**YOUR GOAL**
Copy each line of the records below, from the first through the one that contains "the son of a", exactly as written.

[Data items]

* * *

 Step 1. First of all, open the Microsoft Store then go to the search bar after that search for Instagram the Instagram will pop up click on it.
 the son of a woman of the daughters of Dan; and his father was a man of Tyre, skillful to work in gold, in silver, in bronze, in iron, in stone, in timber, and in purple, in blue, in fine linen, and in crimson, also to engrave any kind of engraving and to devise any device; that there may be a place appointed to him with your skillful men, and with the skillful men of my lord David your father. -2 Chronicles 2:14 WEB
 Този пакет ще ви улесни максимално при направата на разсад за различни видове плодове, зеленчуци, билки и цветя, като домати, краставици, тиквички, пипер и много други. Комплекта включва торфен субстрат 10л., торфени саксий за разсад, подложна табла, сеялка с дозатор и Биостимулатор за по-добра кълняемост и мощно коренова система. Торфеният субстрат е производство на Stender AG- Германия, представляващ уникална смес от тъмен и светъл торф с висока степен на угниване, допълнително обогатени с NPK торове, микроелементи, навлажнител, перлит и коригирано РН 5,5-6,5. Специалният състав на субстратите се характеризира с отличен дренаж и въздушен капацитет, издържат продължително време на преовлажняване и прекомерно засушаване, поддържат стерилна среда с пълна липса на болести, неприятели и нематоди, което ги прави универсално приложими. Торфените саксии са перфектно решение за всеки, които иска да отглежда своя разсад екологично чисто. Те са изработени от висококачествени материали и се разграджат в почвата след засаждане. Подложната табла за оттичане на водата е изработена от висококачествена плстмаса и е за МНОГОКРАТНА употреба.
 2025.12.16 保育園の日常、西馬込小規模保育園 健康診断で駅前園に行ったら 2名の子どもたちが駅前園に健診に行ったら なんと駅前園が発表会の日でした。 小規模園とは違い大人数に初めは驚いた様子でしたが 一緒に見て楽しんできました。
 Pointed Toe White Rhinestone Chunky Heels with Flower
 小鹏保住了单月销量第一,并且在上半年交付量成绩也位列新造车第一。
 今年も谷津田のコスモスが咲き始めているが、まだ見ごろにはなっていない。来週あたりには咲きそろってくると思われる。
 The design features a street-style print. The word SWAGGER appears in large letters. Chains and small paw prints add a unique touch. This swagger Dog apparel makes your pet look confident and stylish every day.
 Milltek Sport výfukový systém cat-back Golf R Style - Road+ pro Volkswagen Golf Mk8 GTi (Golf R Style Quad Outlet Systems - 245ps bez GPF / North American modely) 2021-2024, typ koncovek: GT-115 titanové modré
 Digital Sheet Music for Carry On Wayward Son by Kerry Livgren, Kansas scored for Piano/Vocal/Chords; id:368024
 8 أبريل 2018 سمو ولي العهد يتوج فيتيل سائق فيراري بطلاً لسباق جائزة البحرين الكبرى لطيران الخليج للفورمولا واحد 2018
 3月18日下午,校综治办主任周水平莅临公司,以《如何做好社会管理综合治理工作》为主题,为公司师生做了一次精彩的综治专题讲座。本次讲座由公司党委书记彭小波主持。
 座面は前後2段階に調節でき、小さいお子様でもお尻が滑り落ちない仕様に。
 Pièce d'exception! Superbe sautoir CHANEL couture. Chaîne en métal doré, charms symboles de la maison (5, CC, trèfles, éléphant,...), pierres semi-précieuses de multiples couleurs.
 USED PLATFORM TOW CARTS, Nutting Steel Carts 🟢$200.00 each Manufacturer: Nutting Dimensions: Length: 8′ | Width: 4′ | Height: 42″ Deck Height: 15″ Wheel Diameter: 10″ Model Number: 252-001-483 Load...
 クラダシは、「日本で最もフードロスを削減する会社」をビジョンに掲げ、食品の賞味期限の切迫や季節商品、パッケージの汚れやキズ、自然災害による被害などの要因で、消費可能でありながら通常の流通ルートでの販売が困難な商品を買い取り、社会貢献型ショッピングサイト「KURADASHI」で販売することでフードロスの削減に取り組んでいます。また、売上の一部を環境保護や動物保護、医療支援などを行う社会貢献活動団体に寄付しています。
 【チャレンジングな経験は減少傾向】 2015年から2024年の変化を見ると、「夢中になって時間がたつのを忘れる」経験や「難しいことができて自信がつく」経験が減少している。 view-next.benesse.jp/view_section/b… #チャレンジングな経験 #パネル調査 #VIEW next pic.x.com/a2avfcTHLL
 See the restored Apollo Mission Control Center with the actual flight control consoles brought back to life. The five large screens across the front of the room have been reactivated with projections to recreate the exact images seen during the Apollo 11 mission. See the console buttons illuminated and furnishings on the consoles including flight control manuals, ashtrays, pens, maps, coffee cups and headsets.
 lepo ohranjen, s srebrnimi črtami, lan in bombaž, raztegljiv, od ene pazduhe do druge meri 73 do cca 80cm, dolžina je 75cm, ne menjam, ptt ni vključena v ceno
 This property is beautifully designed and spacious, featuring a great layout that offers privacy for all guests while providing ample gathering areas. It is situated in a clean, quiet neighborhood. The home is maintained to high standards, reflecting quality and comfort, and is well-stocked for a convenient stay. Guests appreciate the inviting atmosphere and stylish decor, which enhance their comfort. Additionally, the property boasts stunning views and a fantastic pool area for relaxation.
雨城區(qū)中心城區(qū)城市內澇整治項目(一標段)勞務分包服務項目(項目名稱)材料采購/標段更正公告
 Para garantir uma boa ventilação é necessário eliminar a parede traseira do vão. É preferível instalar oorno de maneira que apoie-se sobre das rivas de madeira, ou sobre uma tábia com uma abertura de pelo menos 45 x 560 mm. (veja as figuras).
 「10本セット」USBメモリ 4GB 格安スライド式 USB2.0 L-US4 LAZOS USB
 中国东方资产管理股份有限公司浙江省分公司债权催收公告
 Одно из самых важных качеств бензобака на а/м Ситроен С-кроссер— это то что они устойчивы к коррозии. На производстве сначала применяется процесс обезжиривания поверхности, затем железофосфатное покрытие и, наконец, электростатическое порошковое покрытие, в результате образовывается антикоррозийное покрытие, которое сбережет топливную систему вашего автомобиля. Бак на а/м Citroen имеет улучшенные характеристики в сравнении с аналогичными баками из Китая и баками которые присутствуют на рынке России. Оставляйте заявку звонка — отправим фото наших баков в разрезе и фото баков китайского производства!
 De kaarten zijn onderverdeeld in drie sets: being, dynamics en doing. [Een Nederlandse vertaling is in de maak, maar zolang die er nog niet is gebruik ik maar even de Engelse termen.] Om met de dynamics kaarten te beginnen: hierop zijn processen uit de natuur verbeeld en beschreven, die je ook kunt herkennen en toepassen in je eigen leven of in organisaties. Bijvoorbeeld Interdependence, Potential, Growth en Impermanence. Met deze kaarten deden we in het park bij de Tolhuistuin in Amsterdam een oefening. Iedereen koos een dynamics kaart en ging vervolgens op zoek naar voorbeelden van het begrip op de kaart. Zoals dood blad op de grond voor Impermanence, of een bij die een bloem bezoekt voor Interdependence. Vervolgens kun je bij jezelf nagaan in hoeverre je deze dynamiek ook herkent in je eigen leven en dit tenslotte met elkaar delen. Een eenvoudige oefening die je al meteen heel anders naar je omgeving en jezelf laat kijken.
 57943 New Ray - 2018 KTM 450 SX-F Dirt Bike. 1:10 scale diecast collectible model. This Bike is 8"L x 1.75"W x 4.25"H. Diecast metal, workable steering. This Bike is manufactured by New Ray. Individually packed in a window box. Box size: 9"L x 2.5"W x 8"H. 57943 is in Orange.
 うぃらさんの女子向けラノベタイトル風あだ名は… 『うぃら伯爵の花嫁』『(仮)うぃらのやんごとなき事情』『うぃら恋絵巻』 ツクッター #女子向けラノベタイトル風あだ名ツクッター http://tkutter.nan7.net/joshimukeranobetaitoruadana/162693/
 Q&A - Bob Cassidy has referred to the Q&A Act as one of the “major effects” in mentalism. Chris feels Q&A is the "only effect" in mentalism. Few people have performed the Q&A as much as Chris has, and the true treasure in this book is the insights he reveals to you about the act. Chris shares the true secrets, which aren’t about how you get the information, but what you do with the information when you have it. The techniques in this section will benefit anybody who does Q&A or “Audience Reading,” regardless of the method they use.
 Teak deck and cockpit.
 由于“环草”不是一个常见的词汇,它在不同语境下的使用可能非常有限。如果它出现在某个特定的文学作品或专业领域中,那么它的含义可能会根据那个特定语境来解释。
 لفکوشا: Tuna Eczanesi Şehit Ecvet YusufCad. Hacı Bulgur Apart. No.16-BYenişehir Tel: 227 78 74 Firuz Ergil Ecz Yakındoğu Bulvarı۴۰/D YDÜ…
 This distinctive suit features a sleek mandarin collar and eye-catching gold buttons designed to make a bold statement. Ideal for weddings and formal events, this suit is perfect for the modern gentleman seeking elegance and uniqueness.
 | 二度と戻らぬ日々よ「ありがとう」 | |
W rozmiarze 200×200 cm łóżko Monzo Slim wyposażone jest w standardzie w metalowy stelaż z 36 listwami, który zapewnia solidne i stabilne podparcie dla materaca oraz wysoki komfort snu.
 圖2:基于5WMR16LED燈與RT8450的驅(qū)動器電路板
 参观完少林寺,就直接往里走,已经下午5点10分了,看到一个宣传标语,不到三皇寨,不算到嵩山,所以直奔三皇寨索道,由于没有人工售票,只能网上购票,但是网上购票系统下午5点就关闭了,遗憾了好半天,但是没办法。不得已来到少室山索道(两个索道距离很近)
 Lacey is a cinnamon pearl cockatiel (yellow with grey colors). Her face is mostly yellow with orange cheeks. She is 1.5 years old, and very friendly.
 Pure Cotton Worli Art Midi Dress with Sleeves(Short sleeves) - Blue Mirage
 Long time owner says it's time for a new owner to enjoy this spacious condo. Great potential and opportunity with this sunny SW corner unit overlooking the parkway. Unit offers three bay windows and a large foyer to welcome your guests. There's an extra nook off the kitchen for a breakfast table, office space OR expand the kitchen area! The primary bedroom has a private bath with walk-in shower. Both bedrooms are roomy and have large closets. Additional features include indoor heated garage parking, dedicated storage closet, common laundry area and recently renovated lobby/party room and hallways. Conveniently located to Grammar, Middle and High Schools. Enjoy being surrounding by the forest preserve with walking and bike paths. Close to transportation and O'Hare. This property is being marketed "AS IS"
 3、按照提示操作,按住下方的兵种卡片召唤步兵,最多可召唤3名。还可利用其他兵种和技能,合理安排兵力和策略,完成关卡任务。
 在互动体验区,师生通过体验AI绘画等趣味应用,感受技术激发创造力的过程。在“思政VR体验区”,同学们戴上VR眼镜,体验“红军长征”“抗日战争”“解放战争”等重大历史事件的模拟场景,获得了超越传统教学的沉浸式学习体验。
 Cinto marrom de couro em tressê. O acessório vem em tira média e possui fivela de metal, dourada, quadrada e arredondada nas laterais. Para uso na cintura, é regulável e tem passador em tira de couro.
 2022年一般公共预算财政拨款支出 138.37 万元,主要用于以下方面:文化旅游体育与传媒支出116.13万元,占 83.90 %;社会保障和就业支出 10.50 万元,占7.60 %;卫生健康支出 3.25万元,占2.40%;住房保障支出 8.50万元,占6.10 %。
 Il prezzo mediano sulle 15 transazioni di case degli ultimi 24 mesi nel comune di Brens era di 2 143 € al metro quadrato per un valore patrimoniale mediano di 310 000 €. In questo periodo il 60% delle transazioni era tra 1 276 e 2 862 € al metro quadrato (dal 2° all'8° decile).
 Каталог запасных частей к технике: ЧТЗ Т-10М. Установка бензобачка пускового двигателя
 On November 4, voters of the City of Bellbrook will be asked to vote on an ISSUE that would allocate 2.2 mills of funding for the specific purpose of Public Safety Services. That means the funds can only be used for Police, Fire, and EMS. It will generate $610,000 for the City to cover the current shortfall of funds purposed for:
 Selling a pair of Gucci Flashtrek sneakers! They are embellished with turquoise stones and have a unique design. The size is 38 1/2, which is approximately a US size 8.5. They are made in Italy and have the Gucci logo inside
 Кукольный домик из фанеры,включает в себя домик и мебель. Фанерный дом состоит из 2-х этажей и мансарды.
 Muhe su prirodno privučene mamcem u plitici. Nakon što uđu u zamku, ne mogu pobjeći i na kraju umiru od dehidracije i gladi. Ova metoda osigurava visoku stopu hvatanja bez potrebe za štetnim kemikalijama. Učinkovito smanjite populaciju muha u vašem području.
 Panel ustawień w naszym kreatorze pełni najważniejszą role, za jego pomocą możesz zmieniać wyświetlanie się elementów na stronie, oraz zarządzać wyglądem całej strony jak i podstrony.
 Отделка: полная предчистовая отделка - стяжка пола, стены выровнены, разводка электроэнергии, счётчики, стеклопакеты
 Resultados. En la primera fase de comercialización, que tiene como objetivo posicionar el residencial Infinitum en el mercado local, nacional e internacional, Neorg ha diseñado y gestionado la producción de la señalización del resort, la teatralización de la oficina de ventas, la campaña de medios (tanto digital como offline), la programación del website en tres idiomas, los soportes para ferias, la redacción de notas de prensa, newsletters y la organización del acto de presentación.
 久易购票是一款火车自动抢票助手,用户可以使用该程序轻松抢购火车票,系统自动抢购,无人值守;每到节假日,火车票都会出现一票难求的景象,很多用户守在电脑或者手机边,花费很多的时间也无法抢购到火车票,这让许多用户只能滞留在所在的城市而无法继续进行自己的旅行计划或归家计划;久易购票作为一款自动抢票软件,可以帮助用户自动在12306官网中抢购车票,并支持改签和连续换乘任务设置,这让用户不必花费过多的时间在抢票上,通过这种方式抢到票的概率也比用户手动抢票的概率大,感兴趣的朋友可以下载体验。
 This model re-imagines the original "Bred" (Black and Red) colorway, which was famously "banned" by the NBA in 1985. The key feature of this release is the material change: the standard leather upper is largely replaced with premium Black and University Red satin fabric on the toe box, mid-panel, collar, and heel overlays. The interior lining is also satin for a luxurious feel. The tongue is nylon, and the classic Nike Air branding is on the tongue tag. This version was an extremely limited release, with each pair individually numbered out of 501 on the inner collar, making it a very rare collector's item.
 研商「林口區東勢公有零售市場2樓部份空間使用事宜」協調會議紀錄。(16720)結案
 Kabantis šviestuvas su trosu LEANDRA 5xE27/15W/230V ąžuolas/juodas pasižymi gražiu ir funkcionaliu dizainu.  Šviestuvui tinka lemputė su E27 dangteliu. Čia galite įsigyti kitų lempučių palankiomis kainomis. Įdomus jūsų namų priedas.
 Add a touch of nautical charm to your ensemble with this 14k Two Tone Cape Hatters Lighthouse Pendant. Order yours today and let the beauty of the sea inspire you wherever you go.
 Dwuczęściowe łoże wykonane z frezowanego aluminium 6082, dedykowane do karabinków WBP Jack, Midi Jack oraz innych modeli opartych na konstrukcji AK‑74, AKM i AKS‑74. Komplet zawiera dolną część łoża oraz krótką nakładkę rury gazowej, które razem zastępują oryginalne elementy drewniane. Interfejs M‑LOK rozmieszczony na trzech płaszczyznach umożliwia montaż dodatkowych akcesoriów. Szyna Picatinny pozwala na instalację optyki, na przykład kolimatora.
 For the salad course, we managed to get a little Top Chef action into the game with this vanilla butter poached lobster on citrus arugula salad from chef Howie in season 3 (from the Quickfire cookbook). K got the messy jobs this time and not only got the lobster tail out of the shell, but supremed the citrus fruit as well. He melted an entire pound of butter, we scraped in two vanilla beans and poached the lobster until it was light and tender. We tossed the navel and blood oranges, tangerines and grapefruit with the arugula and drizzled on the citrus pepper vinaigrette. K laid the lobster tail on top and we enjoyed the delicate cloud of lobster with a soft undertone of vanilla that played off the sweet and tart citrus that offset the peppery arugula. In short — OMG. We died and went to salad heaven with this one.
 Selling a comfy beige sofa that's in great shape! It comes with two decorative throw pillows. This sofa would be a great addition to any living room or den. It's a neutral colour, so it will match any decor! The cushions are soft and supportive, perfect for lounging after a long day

* * *

**WRITTEN REPLY**
 Step 1. First of all, open the Microsoft Store then go to the search bar after that search for Instagram the Instagram will pop up click on it.
 the son of a woman of the daughters of Dan; and his father was a man of Tyre, skillful to work in gold, in silver, in bronze, in iron, in stone, in timber, and in purple, in blue, in fine linen, and in crimson, also to engrave any kind of engraving and to devise any device; that there may be a place appointed to him with your skillful men, and with the skillful men of my lord David your father. -2 Chronicles 2:14 WEB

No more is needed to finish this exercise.